• MATERIAL FOR THIS TASK

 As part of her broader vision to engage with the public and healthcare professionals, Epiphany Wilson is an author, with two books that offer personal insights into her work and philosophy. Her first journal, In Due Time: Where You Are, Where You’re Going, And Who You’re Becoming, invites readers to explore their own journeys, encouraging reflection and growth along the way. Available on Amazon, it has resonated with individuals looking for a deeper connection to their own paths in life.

...

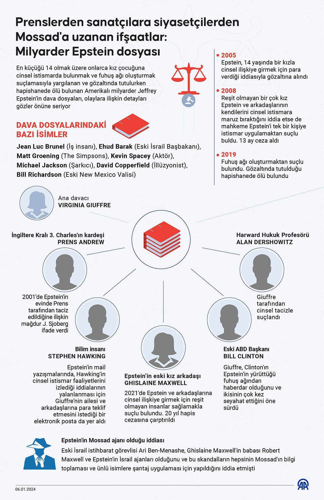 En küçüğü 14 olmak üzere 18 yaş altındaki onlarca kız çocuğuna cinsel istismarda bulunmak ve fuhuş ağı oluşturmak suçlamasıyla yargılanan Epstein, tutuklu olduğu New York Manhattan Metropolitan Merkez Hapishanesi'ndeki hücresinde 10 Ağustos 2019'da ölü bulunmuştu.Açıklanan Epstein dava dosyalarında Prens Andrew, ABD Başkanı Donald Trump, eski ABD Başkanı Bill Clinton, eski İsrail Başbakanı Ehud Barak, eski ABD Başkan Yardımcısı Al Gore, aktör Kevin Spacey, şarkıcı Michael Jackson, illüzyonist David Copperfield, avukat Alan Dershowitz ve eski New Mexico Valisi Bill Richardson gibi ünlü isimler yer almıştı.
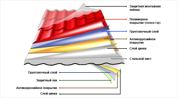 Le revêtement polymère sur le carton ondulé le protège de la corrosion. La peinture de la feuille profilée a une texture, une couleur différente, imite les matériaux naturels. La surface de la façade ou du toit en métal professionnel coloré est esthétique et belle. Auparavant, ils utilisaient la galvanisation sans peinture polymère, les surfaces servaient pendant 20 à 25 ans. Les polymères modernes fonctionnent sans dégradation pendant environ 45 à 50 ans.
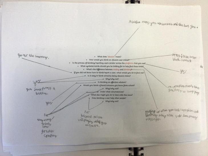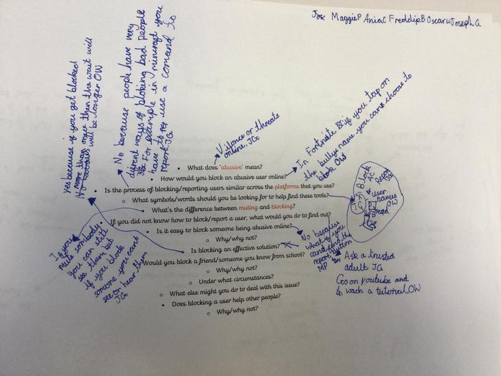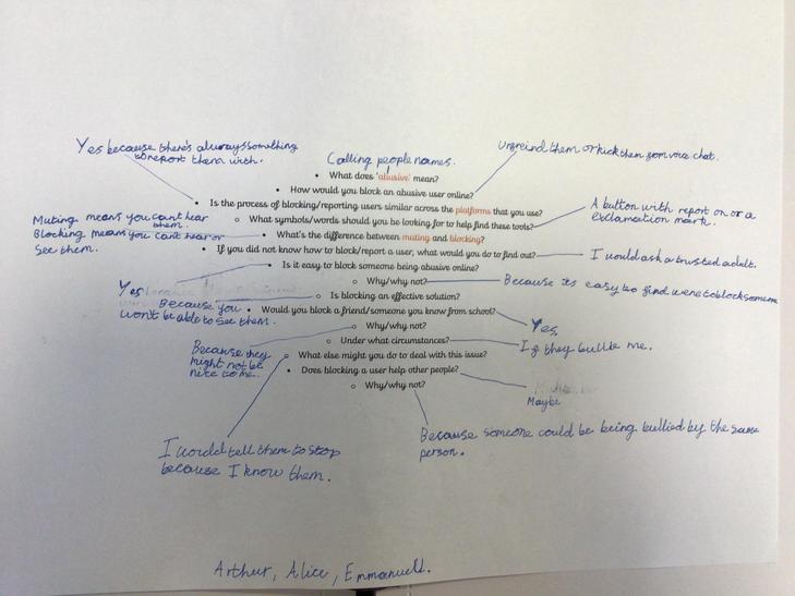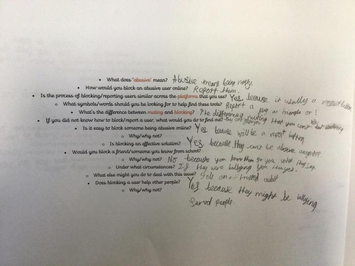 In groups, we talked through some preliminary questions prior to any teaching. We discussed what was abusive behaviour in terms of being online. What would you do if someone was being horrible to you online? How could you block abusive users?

• ACTIVITY
Write out, word for word, the stretch of entries that begins at the line with "Le revêtement polymère" and ends at the line with "In groups, we". Pictures do not belong in it.

• RESULT OF THE EXERCISE
 Le revêtement polymère sur le carton ondulé le protège de la corrosion. La peinture de la feuille profilée a une texture, une couleur différente, imite les matériaux naturels. La surface de la façade ou du toit en métal professionnel coloré est esthétique et belle. Auparavant, ils utilisaient la galvanisation sans peinture polymère, les surfaces servaient pendant 20 à 25 ans. Les polymères modernes fonctionnent sans dégradation pendant environ 45 à 50 ans.
 In groups, we talked through some preliminary questions prior to any teaching. We discussed what was abusive behaviour in terms of being online. What would you do if someone was being horrible to you online? How could you block abusive users?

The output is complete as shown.